The path to becoming an ophthalmic technician is one that can lead to a long-lasting career that features job security and competitive pay. This job distinction marks the second stage in the ophthalmic profession and can be attained in a couple of different ways. This field is also steadily growing as more and more ophthalmic technicians are joining the workforce every year. Ophthalmic technicians typically find employment in vision care centers, private ophthalmologist practices and outpatient care centers. This exciting and productive future is only a few short steps away.
An ophthalmic technician also attends to more technical aspects of the job. Measurements are conducted and they include taking A-scans as well as fundus photography. Ophthalmic technicians also conduct brightness acuity tests and contrast sensitivity tests. Providing assistance during surgeries is another integral role taken on by ophthalmic technicians. The sterilization of instruments, prepping of exam rooms and disposal of biohazards are a few more duties that fall on the shoulders of ophthalmic technicians.

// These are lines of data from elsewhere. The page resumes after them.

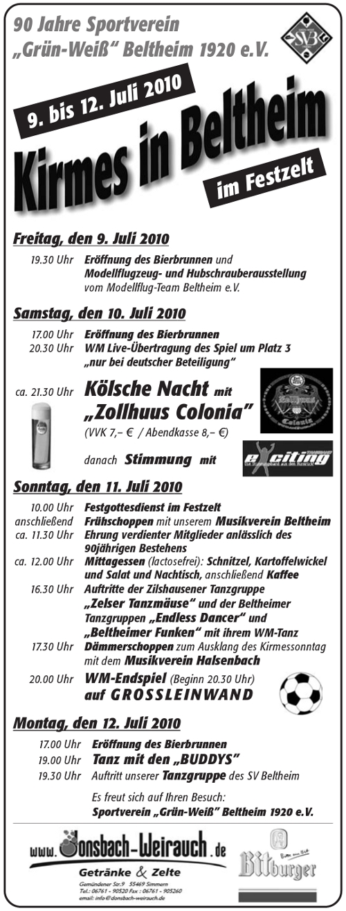 Die Kirmes 2015 findet vom 10.7. bis 13.7.2015 im Jugendheim Beltheim statt. Es erwartet euch auch dieses Jahr wieder ein neu zusammengestelltes Festprogramm für Jung und Alt:
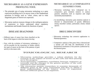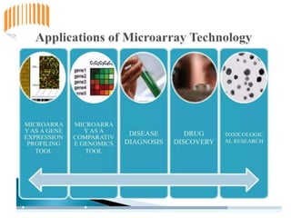 Microarrays allow researchers to analyze gene expression across thousands of genes simultaneously. There are three basic types of microarrays: spotted arrays where DNA is physically deposited on a slide; self-assembled arrays using beads containing oligos in pits on a surface; and in-situ synthesized arrays produced by inkjet oligo synthesis or photolithography. Quality control is important at multiple levels including the probe, array, and gene levels to identify unreliable measurements and ensure only high quality data is used in analysis.
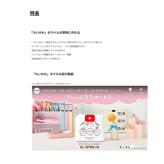 CASIO Máy in nhãn kết nối điện thoại i-ma Chiikawa KL-SP100-CK 24mm

An ophthalmic technician is also capable of performing administrative tasks, ordering inventory, calibrating equipment and other miscellaneous office duties. This leads to a well-rounded repertoire of job skills as an ophthalmic technician provides value in numerous ways. Furthermore, the ophthalmic distinction signifies that an individual is skilled enough to handle various instruments such as tomographs, exophthalmometers, occluders, OCT scanners, snipe nose pliers, in addition to many others. The technical nature of the job is extremely important to patient care, which is why ophthalmic technicians need to be properly trained.